» Activity
Give the data below again exactly as written, but without the pictures.

» Supplied material
========================
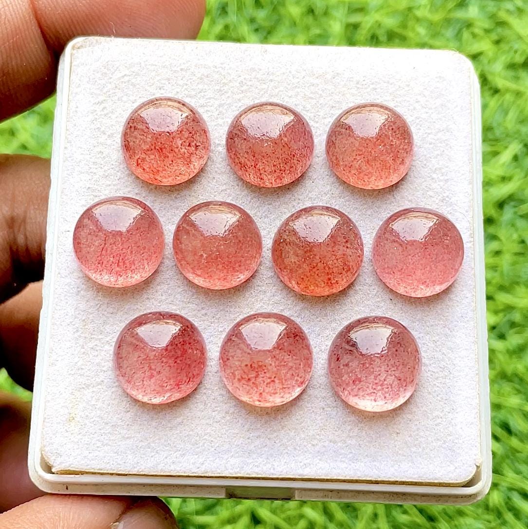 Pink Strawberry Quartz 12 MM Round Shape Smooth Cabochon Gemstone 10 Pieces Lot With Flat Back For Handmade Jewelry
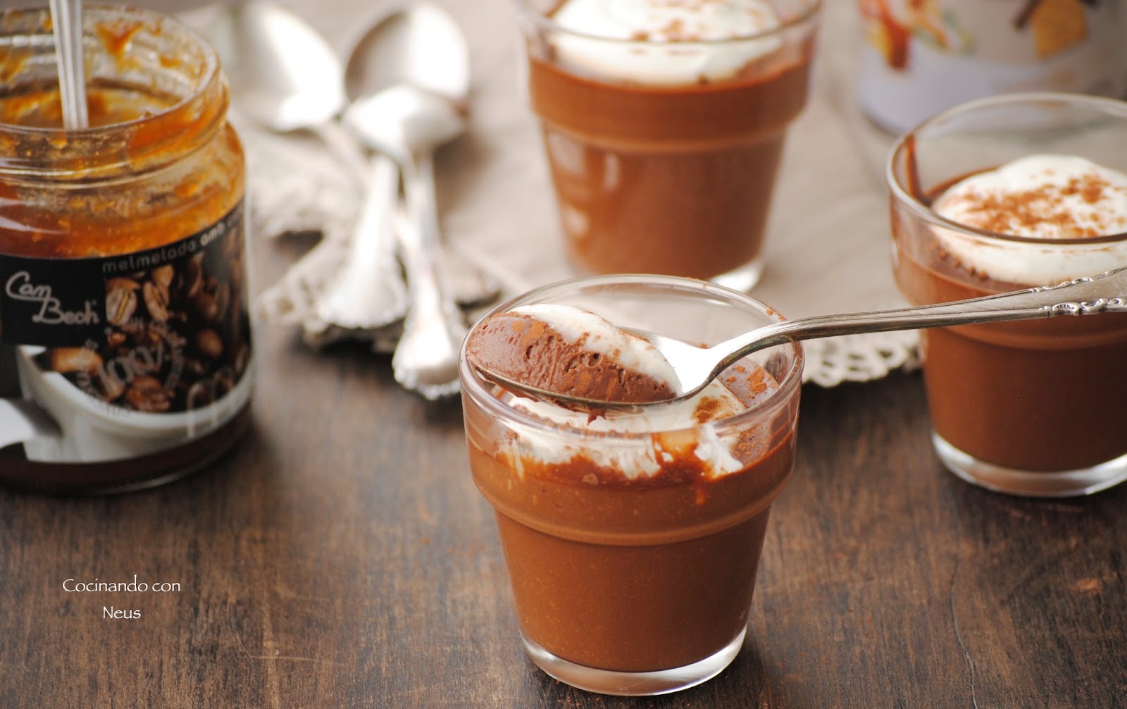 Añadimos (opcionalmente) la mermelada de café, mezclamos con las varillas y repartimos la mezcla en los vasitos que vayamos a utilizar.
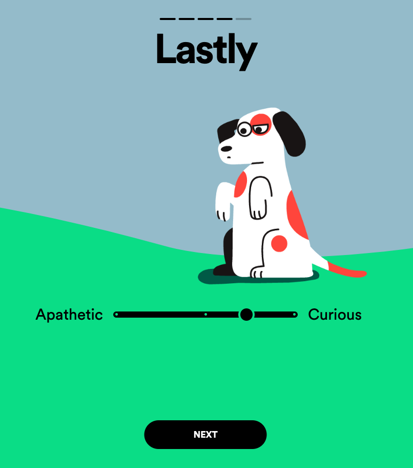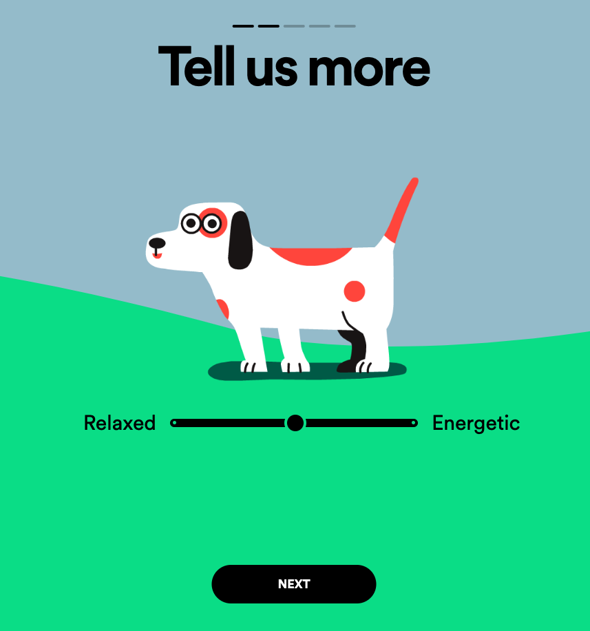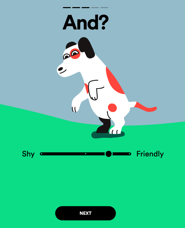 Para ayudar a Spotify a elegir el ambiente de la lista de reproducción, tendrás que establecer las personalidades de tu mascota. Desde relajado vs. enérgico, tímido vs. amistoso, hasta apático vs. curioso, selecciona qué rasgo se alinea más con tu mascota.
========================
» Response below
 Pink Strawberry Quartz 12 MM Round Shape Smooth Cabochon Gemstone 10 Pieces Lot With Flat Back For Handmade Jewelry
 Añadimos (opcionalmente) la mermelada de café, mezclamos con las varillas y repartimos la mezcla en los vasitos que vayamos a utilizar.
 Para ayudar a Spotify a elegir el ambiente de la lista de reproducción, tendrás que establecer las personalidades de tu mascota. Desde relajado vs. enérgico, tímido vs. amistoso, hasta apático vs. curioso, selecciona qué rasgo se alinea más con tu mascota.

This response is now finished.